Sunday, February 16, 2014

Day thirteen: Not divine inspiration.

















There is this mistaken assumption that all artists enjoy the act of making art. That it’s always fun. That we are channels for the divine. Mostly the first two.

I think this is one of the misnomers that bothers me most. Making art, professionally, is hard. It is always hard. That’s actually part of why I am so fierce about it, because of that constant challenge. Being an artist means being constantly poked at and picked apart. It means entering an intensely competitive world where there are no clear boundaries, rules, or definitions of success. Making art is a constant push to find what is new, what opens a new window of perception, what blows peoples minds.

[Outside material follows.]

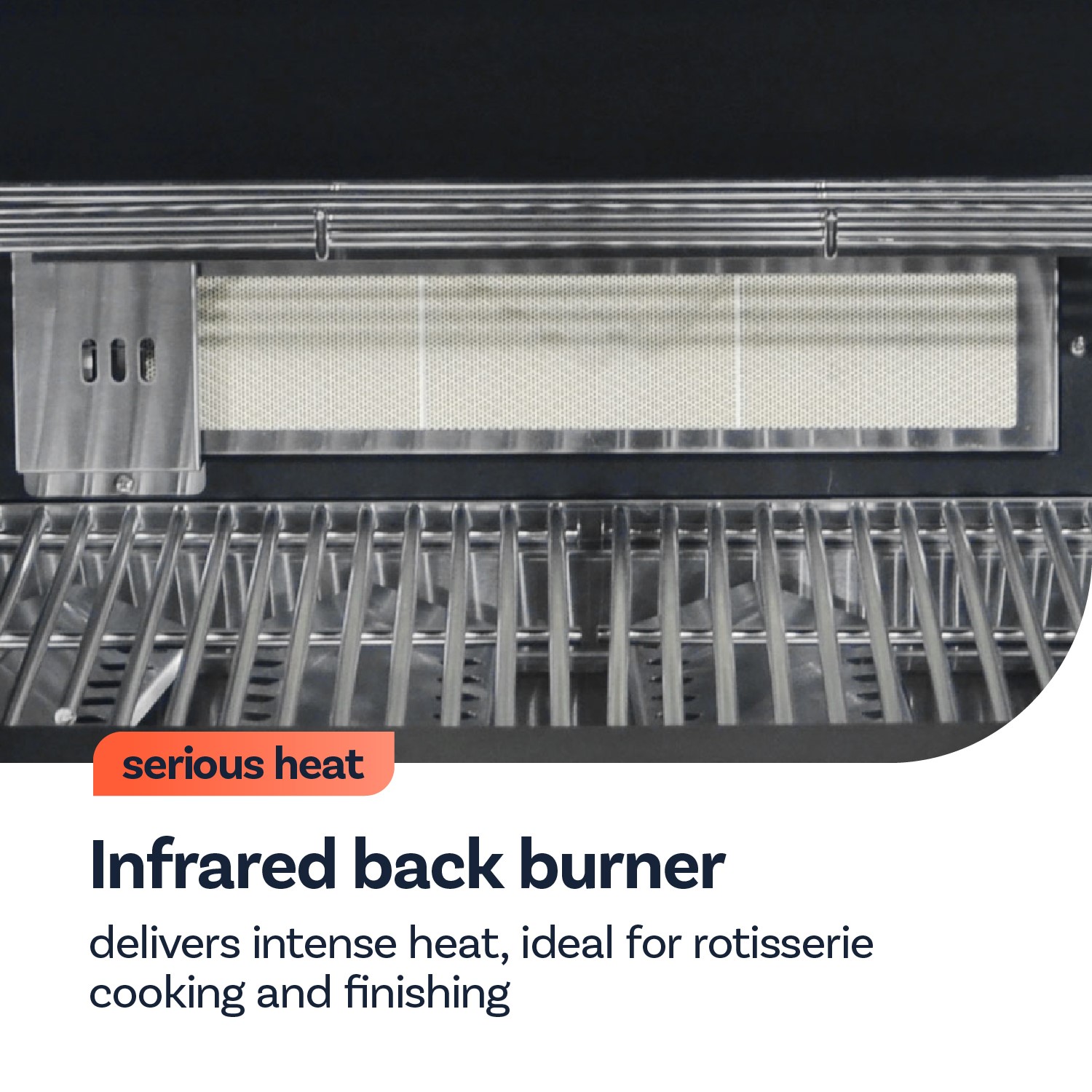 Delivers intense heat, ideal for rotisserie cooking and finishing.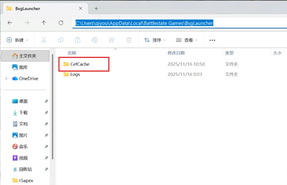 我们在C盘这个路径删除CefCache缓存文件夹文件夹即可正常进入游戏。

When people retire and their doctor tells them to paint for relaxation, that is not the kind of art that I’m talking about. When a teenage girl makes a painting of rage after a break up, that is not it. When my ex-boyfriend makes a sweatshirt that looks like a shark. Nope, not what I’m talking about. I’m not saying it’s not art. I wish that everyone understood that art is a huge term. Huge. It covers so many different ways of making and seeing. All of the practices I just mentioned are valuable in so many ways, but they are not the kind of art making that I do.  I don’t usually call them art, because the term is far more loaded for me.

What I do is informed by the whole of history, including the history of contemporary art, the depth and breadth of what art has been since 1960. What I do is of me, but not just as expression. It contains my feeling but it is not catharsis. I use my mind to build it but it is not just concept. It is not just craft. It is incredibly difficult to define, and any definition I throw out may sound like an insult to the hundreds of other ways that people are creative in the world. I embrace every way of making and everything that reminds people of the value of art.

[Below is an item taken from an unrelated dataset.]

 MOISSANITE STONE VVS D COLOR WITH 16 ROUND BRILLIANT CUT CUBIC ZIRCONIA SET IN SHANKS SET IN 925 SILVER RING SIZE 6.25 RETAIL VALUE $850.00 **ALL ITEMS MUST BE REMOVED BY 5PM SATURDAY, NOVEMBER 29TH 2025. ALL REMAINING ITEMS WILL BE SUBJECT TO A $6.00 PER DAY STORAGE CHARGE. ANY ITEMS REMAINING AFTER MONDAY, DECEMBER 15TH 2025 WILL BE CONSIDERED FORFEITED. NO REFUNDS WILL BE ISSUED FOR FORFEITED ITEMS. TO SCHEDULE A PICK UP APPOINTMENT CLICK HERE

I make because I have to, because when I can’t for more than a few weeks I feel caged. I make because I have invested hundreds of thousands of dollars and thousands of hours of time in learning and practicing this way of thinking and seeing. It changes me every day and I seek out that change. I know that my life and the lives around me would be less without it, without that sense of possibility.

I say all of this because, I think we artists suffer from some sort of extraordinary guilt complex. Guilt that we don’t spend enough time in the studio, guilt that we don’t go to enough shows, guilt about how long it takes us to finish a project. I wonder if culturally we are taught that we should want to do this all the time. That we are lucky. That it is a gift to be able to do this at all. That it is a privledge, because art is not a necessity and we are not feeding anyone, we are not saving lives, we are not practical, we are not contributing to the gross national product, we are not properly representing our country, or our families, or any ideal that has been held and cherished for hundreds of years. We carry all of those voices into the studio, because we hear them and have to actively decide to listen to ourselves instead every single day.

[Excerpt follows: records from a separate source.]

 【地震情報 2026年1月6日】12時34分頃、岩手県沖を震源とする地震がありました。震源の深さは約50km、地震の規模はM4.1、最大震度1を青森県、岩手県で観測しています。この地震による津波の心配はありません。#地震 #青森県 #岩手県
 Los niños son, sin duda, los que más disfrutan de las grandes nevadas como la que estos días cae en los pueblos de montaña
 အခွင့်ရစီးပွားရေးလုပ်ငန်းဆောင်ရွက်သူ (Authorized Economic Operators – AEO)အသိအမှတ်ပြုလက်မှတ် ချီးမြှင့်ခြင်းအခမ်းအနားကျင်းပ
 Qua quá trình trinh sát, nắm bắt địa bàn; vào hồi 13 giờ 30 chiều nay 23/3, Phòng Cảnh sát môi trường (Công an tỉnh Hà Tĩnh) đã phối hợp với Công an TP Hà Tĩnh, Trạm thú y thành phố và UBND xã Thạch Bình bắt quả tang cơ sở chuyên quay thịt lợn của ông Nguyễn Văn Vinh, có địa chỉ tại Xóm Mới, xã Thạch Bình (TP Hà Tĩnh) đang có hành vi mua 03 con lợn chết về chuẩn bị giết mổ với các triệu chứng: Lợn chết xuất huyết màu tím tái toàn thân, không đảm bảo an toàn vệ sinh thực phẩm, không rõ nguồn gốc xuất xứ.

We are saving lives. We are representing freedom. We are speaking our truth. This isn’t just a career. It’s not a craft project or a way to make the world beautiful. Art is a reminder of what is valuable in a world that moves too fast to understand what it is doing and why.


I am proud of every artist I know for making the time to make art, whenever they can. It’s ok to have some ice cream and sit around for a few hours first. That’s part of making art too.